Slashdot Mirror

← Back to Stories (view on slashdot.org)

Ask Slashdot: Protecting Home Computers From Guests?

Posted by timothy on from the quick-name-an-os-that's-never-been-compromised dept.

An anonymous reader writes "We frequently have guests in our home who ask to use our computer for various reasons such as checking their email or showing us websites. We are happy to oblige, but the problem is many of these guests have high risk computing habits and have more than once infested one of our computers with malware, despite having antivirus and the usual computer security precautions. We have tried using a Linux boot CD but usually get funny looks or confused users. We've thought about buying an iPad for guests to use, but decided it wasn't right to knowingly let others use a computing platform that may have been compromised. What tips do you have to overcome this problem, technologically or otherwise?"

7 of 572 comments (clear)

  1. Boot to the guest account by AlphaBit · · Score: 5, Informative

    The media PC in my living room boots directly into the Guest account. Under the guest account I can USE almost all the programs I have installed seamlessly. There are some minor issues with software updates, XBOX controllers, and a complete inability to configure network settings, but that's about it. If I need to do anything that requires more rights I can deal with the UAC prompts that show up or simply log out and back in as an admin.

    I know it's not flawless but I still feel pretty comfortable letting my tech savvy (e.g. dangerous) friends stay over unattended. It wouldn't hold up to anyone seriously determined to break the security but they have access to the physical machine and can't really be stopped anyway.

  2. Re:Virtual Machine by Erioll · · Score: 5, Informative

    I agree.
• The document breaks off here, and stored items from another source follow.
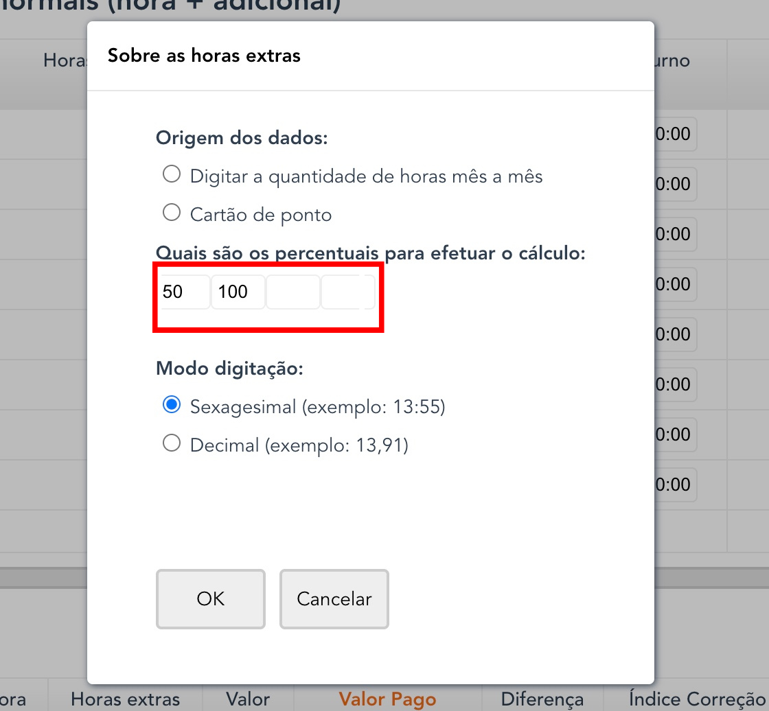 Na janela de diálogo "Sobre as horas extras", configure novas porcentagens para conversão de horas extras. Digite os valores em porcentagem e clique em "OK":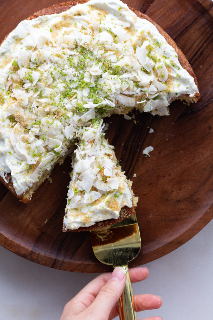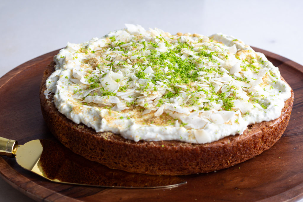 - Use a serrated knife to cut any doming off the cake, then flip it over and remove the parchment paper. Ice the cake with the lime yogurt, and top with coconut, flax seed, and extra lime zest. Slice & serve!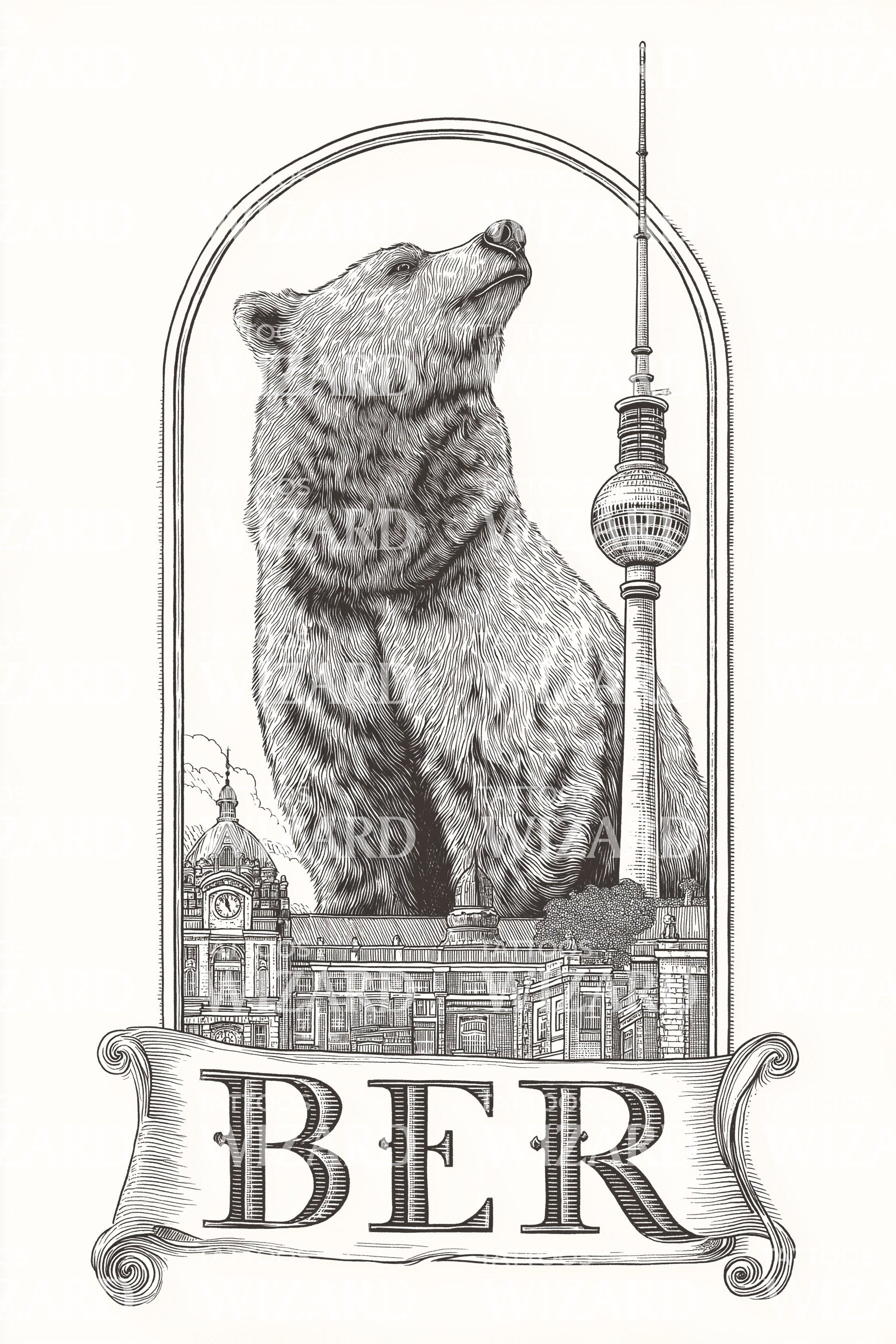 Fine-line black and grey etching frames a proud bear towering beside the Fernsehturm, city facades and a BER scroll beneath. Icon and animal merge into a vigilant monument, embodying Berlin’s resilience, curiosity, and rebirth. Wearing it feels like carrying streets, sky, and courage, a steadfast compass to home.

Fullscreen the VM, and they'll probably never even know that they weren't using your "actual" PC.

  3. Re:Hey, I'm lazy too! by gagol · · Score: 4, Informative

    Solutions evolve with time, in order for Google to index relevant pages, we have to create content. That is happening as we speak!

    --
    Tomorrow is another day...
  4. Re:Virtual Machine by steveg · · Score: 4, Informative

    Why go to all the trouble of reverting the snapshot?

    Just set the disk to "non-persistent" and nothing they do will modify the system. Each time the VM is restarted it's back to its default state.
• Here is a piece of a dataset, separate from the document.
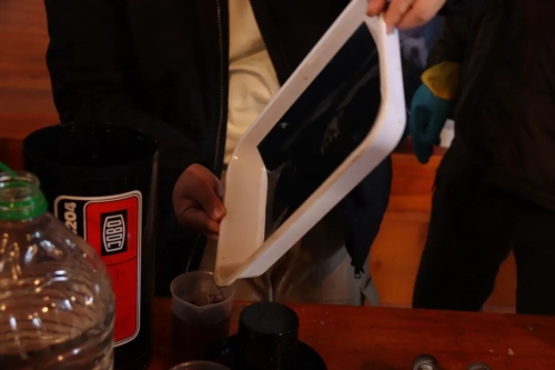 紧接着进入停显水洗环节,要以清水灌入显影罐并倒掉,如此重复三次,之后将相片放入盘中再次倒入显影液,最后还需用清水冲洗,让显影液充分发挥作用又彻底清除残留药剂。在纪一兵的指导下,部分参与者亲自上手操作,从装片到倒液,从计时到冲洗,每一个步骤都小心翼翼,沉浸式感受“光影作画,银盐显影”的神奇。

    I don't have any experience with VirtualBox, but with VMware include a line something like this in the .vmx file:

    ide0:0.mode = "independent-nonpersistent"

    When you want to make changes, shut down the VM and change that line to:

    ide0:0.mode = "persistent"

    then change it back when it's the way you want it.
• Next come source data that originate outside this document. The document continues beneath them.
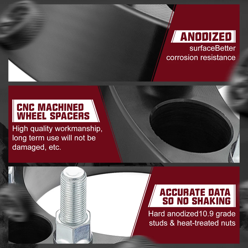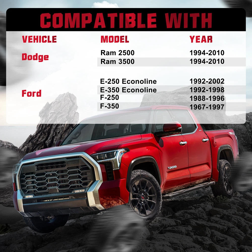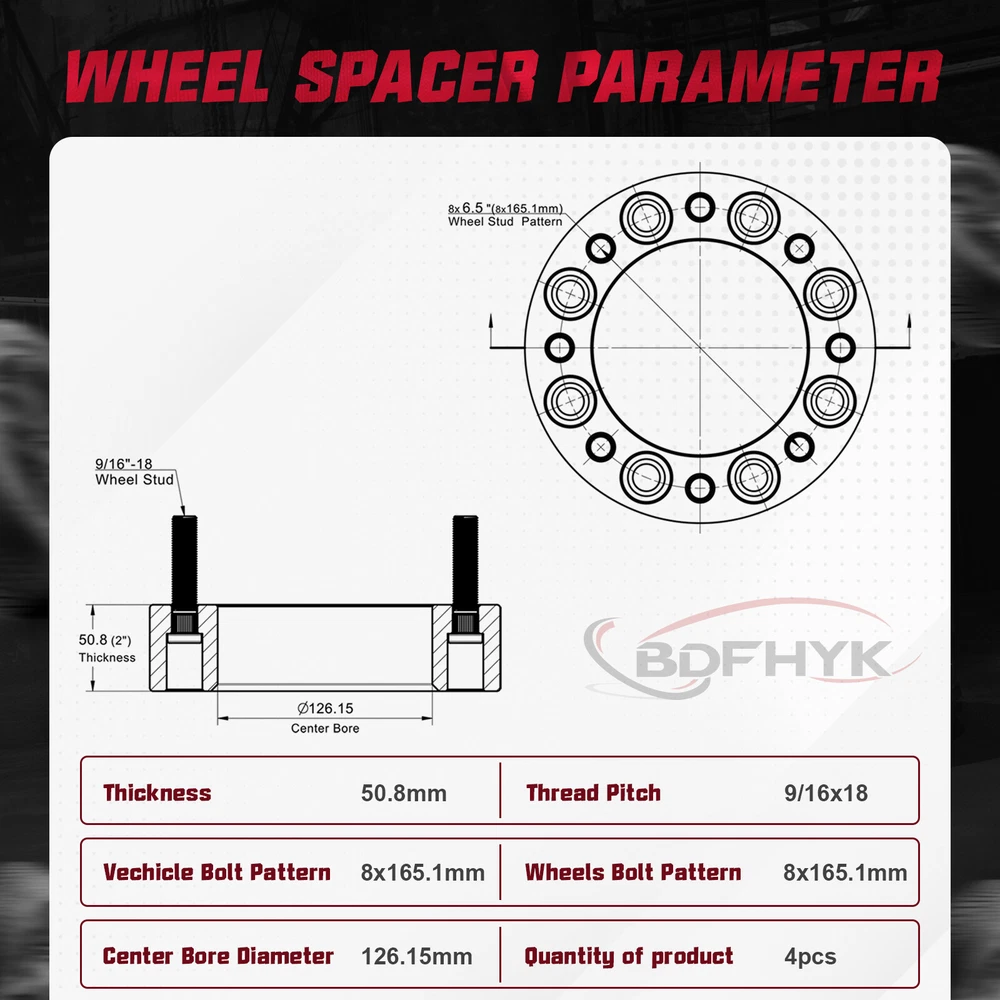Wheel Spacer Specs: Thickness: 2" (50.8mm) Bolt Pattern: 8x6.5" (8x165.1mm) Hub/Center Bore: 126.15mm Stud/Nut Thread Pitch: M9/16x18 Studs: 12.9 Grade, stronger than 10.9 Grade Material: 6061-T6 Aerospace Grade Aluminum Fitment: For Dodge: For Dodge Ram 2500 1994-2010 For Dodge Ram 3500 1994-2010 For Ford: For Ford E-250 2003-2013 For Ford E-250 Econoline 1992-2002 For Ford E-350 Econoline 1992-2000 For Ford F-250 1988-1998 For Ford F-350 1988-1997 Ram: Ram 2500 2011 Ram 3500 2011 Package Includes: 4x Wheel Adapters Wheel Spacer Specs: Thickness: 2" (50.8mm) Bolt Pattern: 8x6.5" (8x165.1mm) Hub/Center Bore: 126.15mm Stud/Nut Thread Pitch: M9/16x18 Studs: 12.9 Grade, stronger than 10.9 Grade Material: 6061-T6 Aerospace Grade Aluminum Fitment: For Dodge: For Dodge Ram 2500 1994-2010 For Dodge Ram 3500 1994-2010 For Ford: For Ford E-250 2003-2013 For Ford E-250 Econoline 1992-2002 For Ford E-350 Econoline 1992-2000 For Ford F-250 1988-1998 For Ford F-350 1988-1997 Ram: Ram 2500 2011 Ram 3500 2011 Package Includes: 4x Wheel Adapters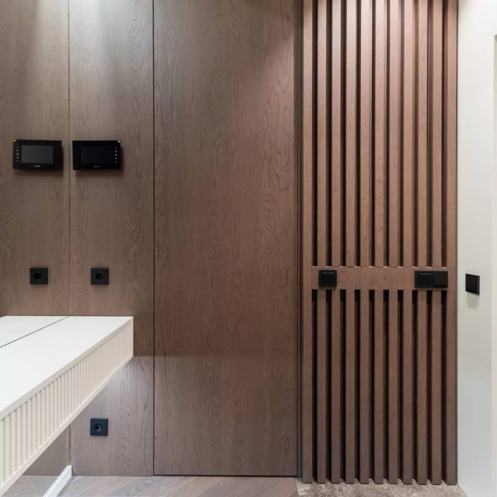 Ещё одним плюсом, который стоит отметить в процессе использования стеновых панелей МДФ, является возможность закрытия различных коммуникаций. Это могут быть как провода, так и трубы, посторонние взгляды которым точно не нужны, однако и оперативный доступ к ним вполне реально обеспечить.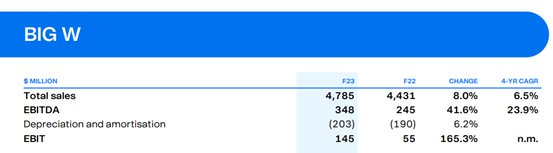 可支配收入疲软 BIG W业绩不及预期折扣连锁店BIG W 的销售额增长了6.5%,达到47.58 亿美元。这低于预计的 48.67 亿美元销售额。息税前利润增长一倍多,达到 1.45 亿美元。2023财年上半年,受到门店临时关闭后“报复性”消费影响,BIG W 上半年销售额强劲增长 15.3%,但下半年销售额较上年同期下降 0.3%,其中 6 月份季度销售额大幅下降 5.7%,原因是可自由支配支出显着疲软,契合目前澳洲家庭面临的消费支配挑战。
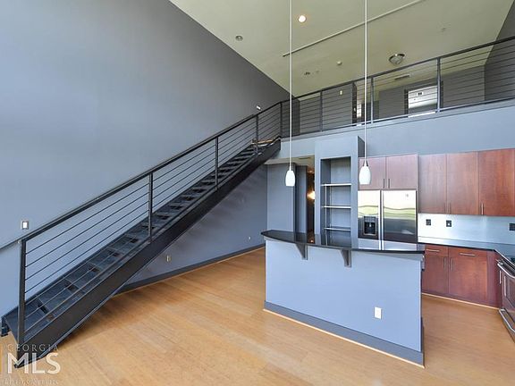Incredible City View & Top Floor Unit. Only "steps" from the Beltline, Dogpark, Ponce City Market. You get an impressive gym with a salt water pool, cyber cafe, lounge, etc. Two story unit which gives you privacy as well as an "Open" design. Hardwoods throughout, Terrace gives a skyline view. Granite counter tops, washer & dryer remain. Parking is Exclusive for this Building.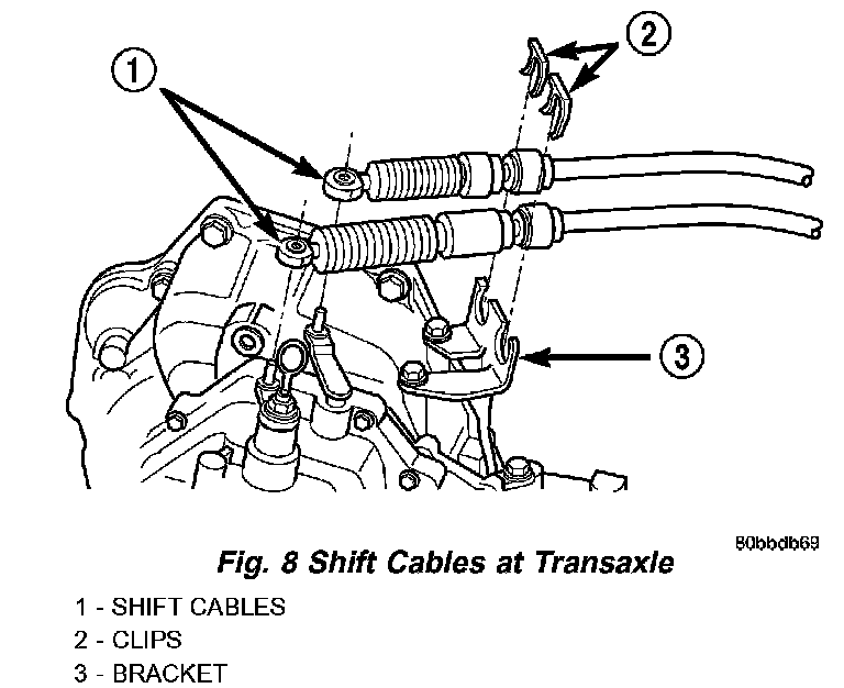16. Connect shift crossover and selector cables to shift lever. Install cables to bracket and install retaining clips (Fig. 8).

    I'm sure VirtualBox has something similar.

    --
    Ignorance killed the cat. Curiosity was framed.
  5. Guest account on a Mac is perfect for this by DavidinAla · · Score: 4, Informative

    If you have a Mac, there's a standard user account called Guest. This account has privileges to do normal user things, but can't install apps or make other changes to the computer. (And the account has no access to other users' data.) No matter what the guest user does in that account, it can't hurt you —and the entire Guest account is in a fresh state each time you log in to it. It's designed exactly for something such as this, and it works very, very well in real use.

  6. Re:Guest wifi... by immaterial · · Score: 5, Informative

    Windows may be a problem here, but the built-in guest account on OS X is perfect for this purpose. Enable it, and guests can log in the guest account (no password), which acts like a standard user account (they have full access to the browser and any other globally-installed apps) except that at logout, the entire account is wiped clean. Since your guests don't have administrator access to your computer they can't mess up anything outside the guest account, and anything they do inside that account is automatically cleaned up for you when they're done.

  7. Re:Virtual Machine by dissy · · Score: 4, Informative

    For VirtualBox, the method I use is slightly different but gives similar results in the end.
    This must be done from the command line with the vboxmanage.exe tool, I'm not aware of a GUI way to do it.

    I have a 'template' VM with fully setup windows and configured how I want it.
    Then I make a new 'guest' VM (from scratch) and copy the template disk image to a new name (cloned, from virtual media manager), from template.vdi to guestbox.vdi, and then I use a command line tool to set the new disk image immutable, so it can not be changed again.

    vboxmanage modifyhd whereever/guestbox.vdi --type immutable

    Then point the guest vm to the guestbox.vdi image under settings -> storage.

    Each time the VM boots, disk writes go into a seperate copy-on-write file, which gets deleted once the VM is powered down. A "revert" action takes as long as a delete command unlinking an inode.

    When I need to make updates, I do that in my template vm, then copy over the vdi setting it immutable again. Copy the new guest image over the old one, and the VM is updated.